Brief № 017 · Regulation
AI content labels: who should EU SMEs choose in 2026
The EU's 2026 code turns AI content labelling into a procurement choice: C2PA tooling, model vendors, legal advice or workflow implementation.
On this page
The EU’s new labelling code makes a small but uncomfortable question unavoidable: who owns the label after the AI tool has produced the file?
The European Commission published the final Code of Practice on marking and labelling AI-generated content on 10 June 2026. Article 50 of the AI Act still makes transparency a 2026 problem for many public-facing uses, even while heavier high-risk obligations move on a slower track.
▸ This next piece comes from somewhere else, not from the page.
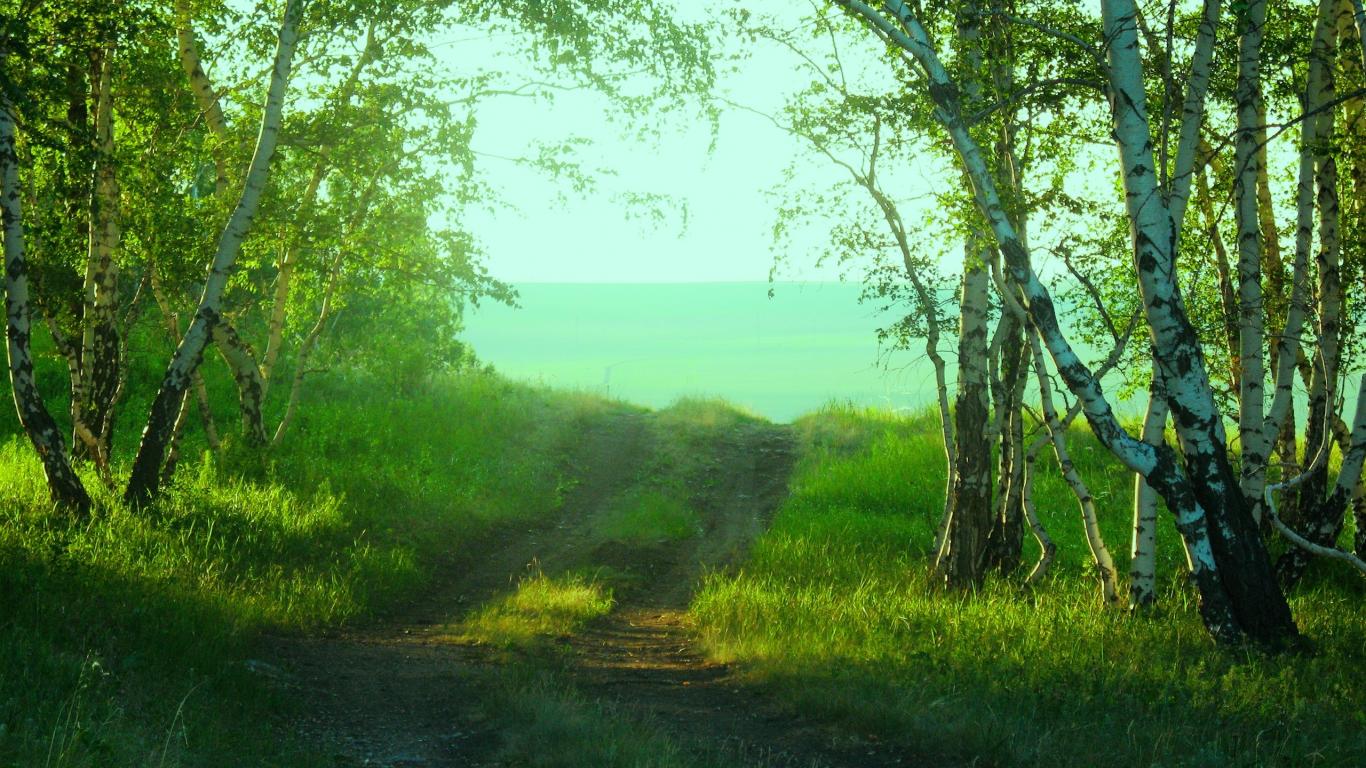 Обои Дорога среди берез

For SMEs, the procurement issue is not “which watermark is fashionable”. It is which route keeps provenance, visible disclosure and approval evidence intact once the content leaves the model.
The label is not one thing
Article 50 separates duties that buyers often collapse. A provider of a generative AI system must mark certain synthetic outputs in machine-readable form. A deployer that publishes a deepfake, or AI-generated text on a matter of public interest, may need to disclose that fact to the audience. The Code of Practice then gives the provider side a practical grammar: machine-readable provenance, visible or audible signals where appropriate, and documentation that can survive ordinary distribution.
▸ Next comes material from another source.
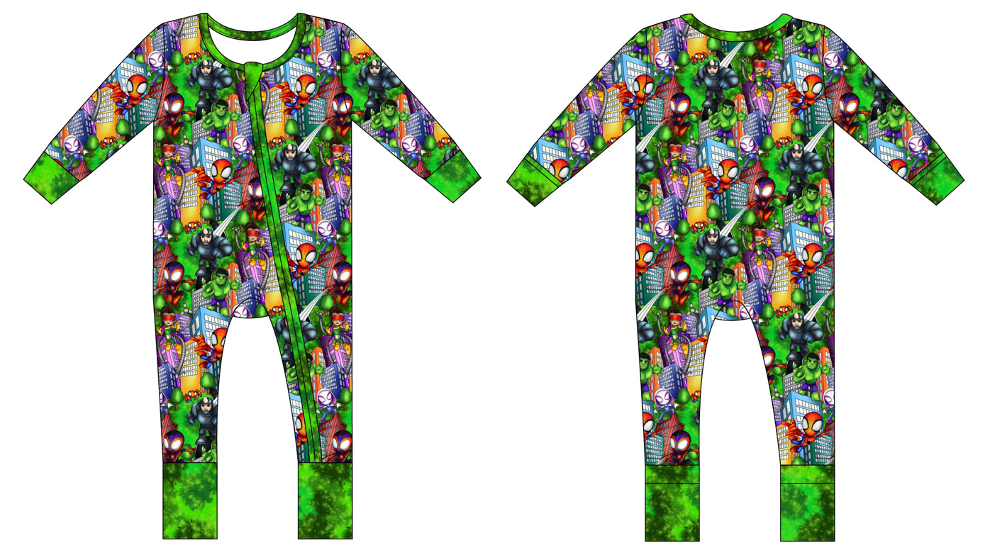 - Fold over hands and Feet (with grips for sizes 6-12 Months and up)

That is the legal shape. The operational shape is messier. A marketing image may start in a generator, pass through a designer’s tool, be resized in a CMS, appear in a product page, be reposted on LinkedIn, and later be reused in a PDF. A support article may include AI-assisted text but also human edits, screenshots and legal review. A training video may include synthetic voice, human footage and an edited transcript.
The question for an SME is therefore not simply “does the vendor mark outputs?” It is: who keeps the mark meaningful through the workflow?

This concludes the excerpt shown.